-- Data for this exercise follows --
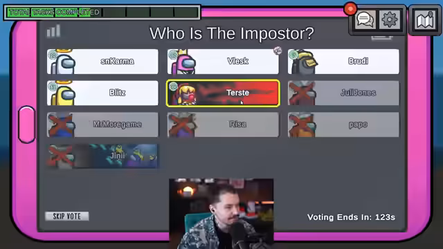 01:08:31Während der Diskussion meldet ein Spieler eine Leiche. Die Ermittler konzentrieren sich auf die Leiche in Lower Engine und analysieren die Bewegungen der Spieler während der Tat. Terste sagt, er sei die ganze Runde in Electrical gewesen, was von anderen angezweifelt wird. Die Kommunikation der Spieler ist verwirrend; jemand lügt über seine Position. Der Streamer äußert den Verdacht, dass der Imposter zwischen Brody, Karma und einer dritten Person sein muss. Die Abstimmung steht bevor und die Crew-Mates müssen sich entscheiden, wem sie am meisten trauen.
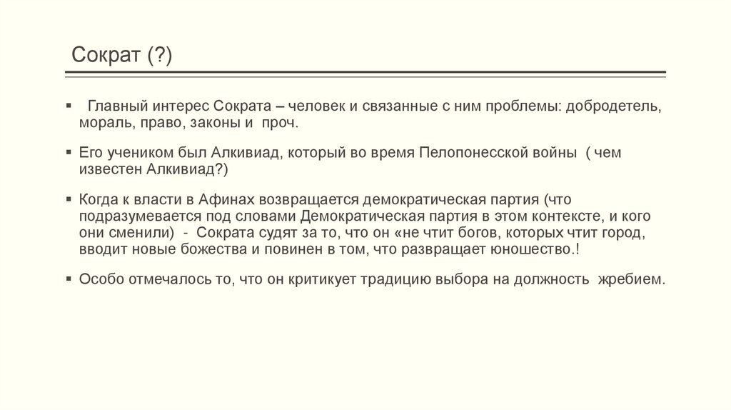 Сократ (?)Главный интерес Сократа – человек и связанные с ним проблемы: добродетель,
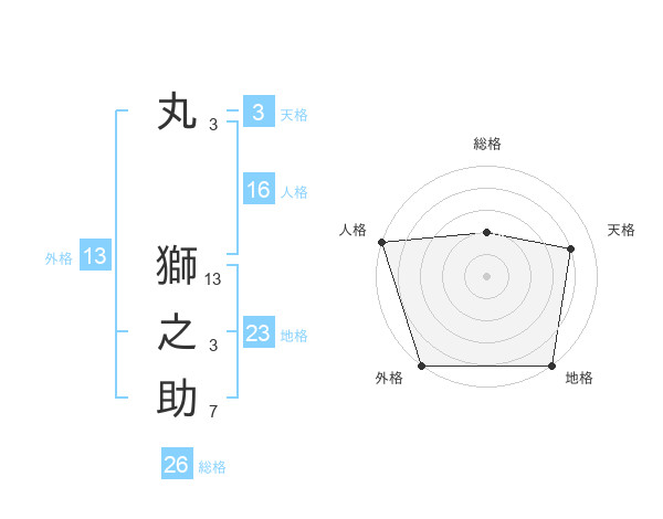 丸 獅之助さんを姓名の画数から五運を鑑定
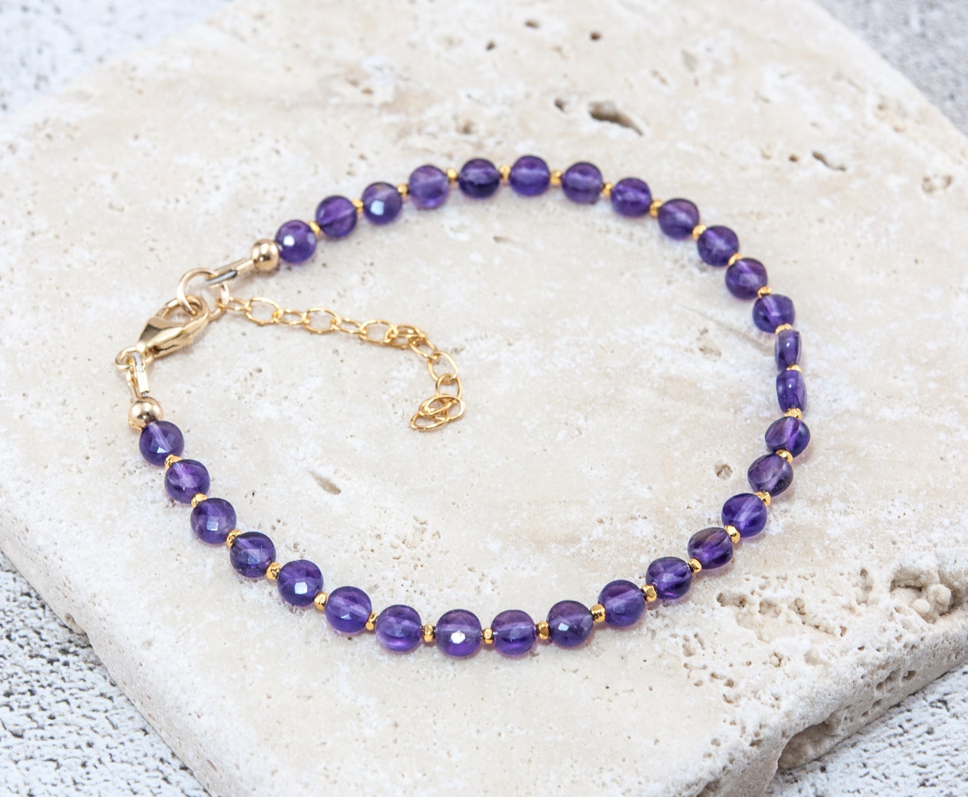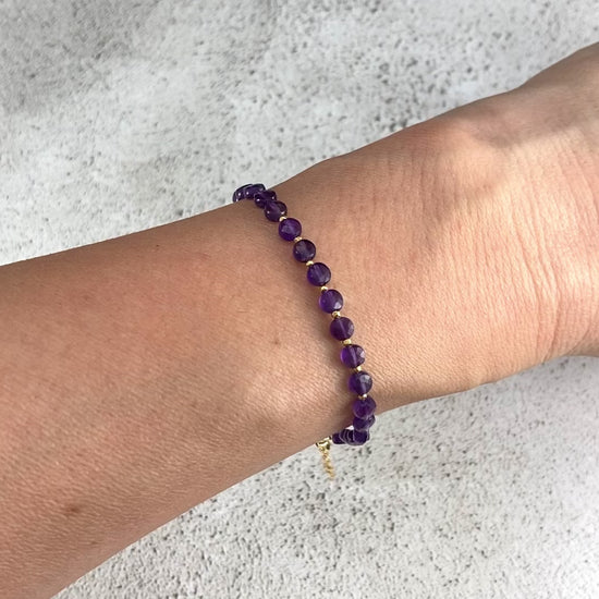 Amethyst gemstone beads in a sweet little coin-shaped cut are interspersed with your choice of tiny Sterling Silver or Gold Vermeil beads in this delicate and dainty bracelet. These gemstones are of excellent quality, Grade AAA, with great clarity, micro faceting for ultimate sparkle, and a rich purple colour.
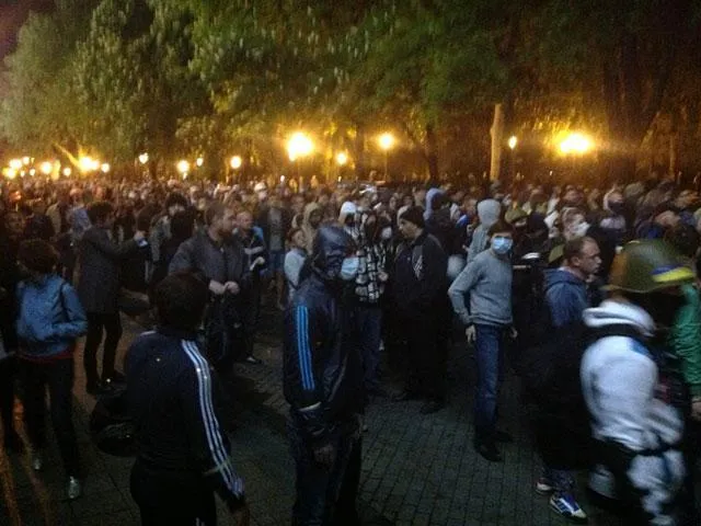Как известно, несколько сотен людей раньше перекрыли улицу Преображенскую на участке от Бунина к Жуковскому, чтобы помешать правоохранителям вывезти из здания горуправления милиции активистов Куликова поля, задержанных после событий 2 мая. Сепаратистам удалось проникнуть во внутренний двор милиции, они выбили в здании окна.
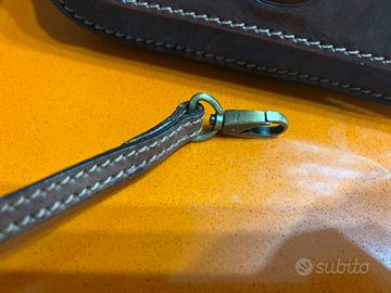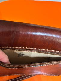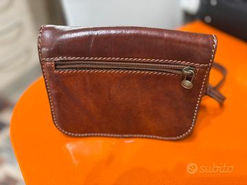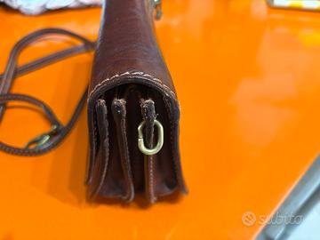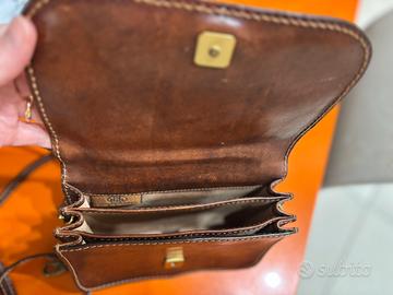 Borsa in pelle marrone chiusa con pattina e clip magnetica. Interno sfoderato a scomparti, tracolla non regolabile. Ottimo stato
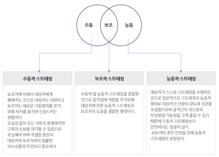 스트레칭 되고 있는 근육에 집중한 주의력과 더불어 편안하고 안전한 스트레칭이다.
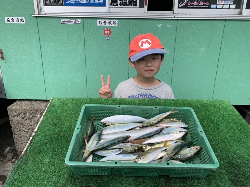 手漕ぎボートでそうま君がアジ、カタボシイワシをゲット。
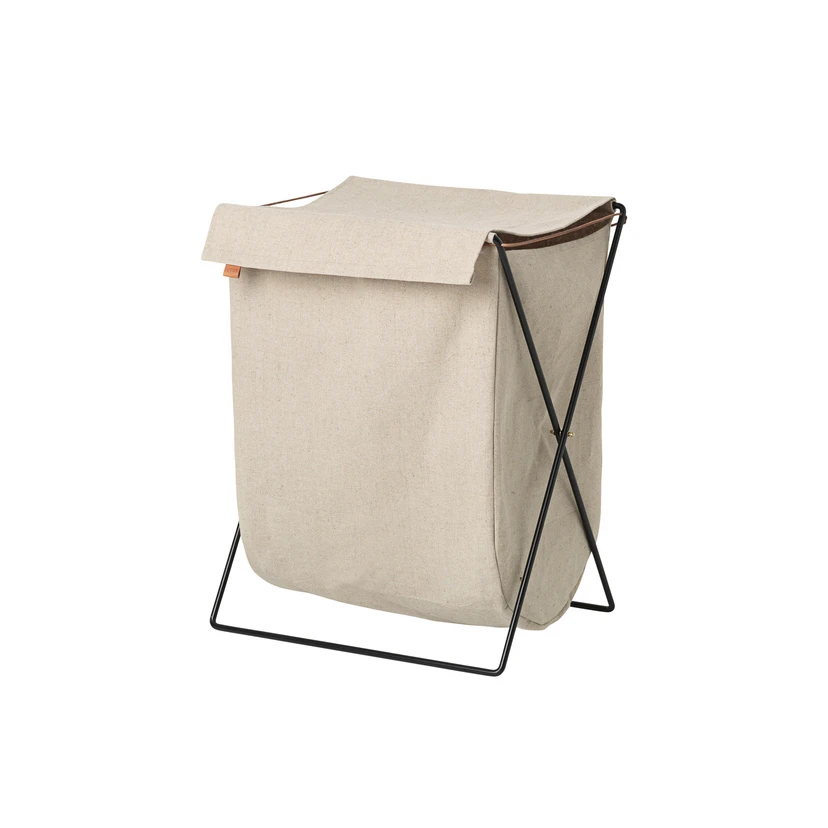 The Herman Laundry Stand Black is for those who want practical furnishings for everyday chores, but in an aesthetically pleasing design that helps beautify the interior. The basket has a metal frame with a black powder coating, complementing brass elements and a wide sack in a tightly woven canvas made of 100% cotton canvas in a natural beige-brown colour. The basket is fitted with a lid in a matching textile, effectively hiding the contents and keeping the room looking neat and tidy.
-- Data for this exercise concluded --
§ **Goal of the exercise**: A word-for-word reproduction is needed of the lines above from the line containing "Сократ (?)Главный интерес" through the line containing "Как известно, несколько", with both ends kept and no pictures.

§ **Answer to the exercise**:
 Сократ (?)Главный интерес Сократа – человек и связанные с ним проблемы: добродетель,
 丸 獅之助さんを姓名の画数から五運を鑑定
 Amethyst gemstone beads in a sweet little coin-shaped cut are interspersed with your choice of tiny Sterling Silver or Gold Vermeil beads in this delicate and dainty bracelet. These gemstones are of excellent quality, Grade AAA, with great clarity, micro faceting for ultimate sparkle, and a rich purple colour.
Как известно, несколько сотен людей раньше перекрыли улицу Преображенскую на участке от Бунина к Жуковскому, чтобы помешать правоохранителям вывезти из здания горуправления милиции активистов Куликова поля, задержанных после событий 2 мая. Сепаратистам удалось проникнуть во внутренний двор милиции, они выбили в здании окна.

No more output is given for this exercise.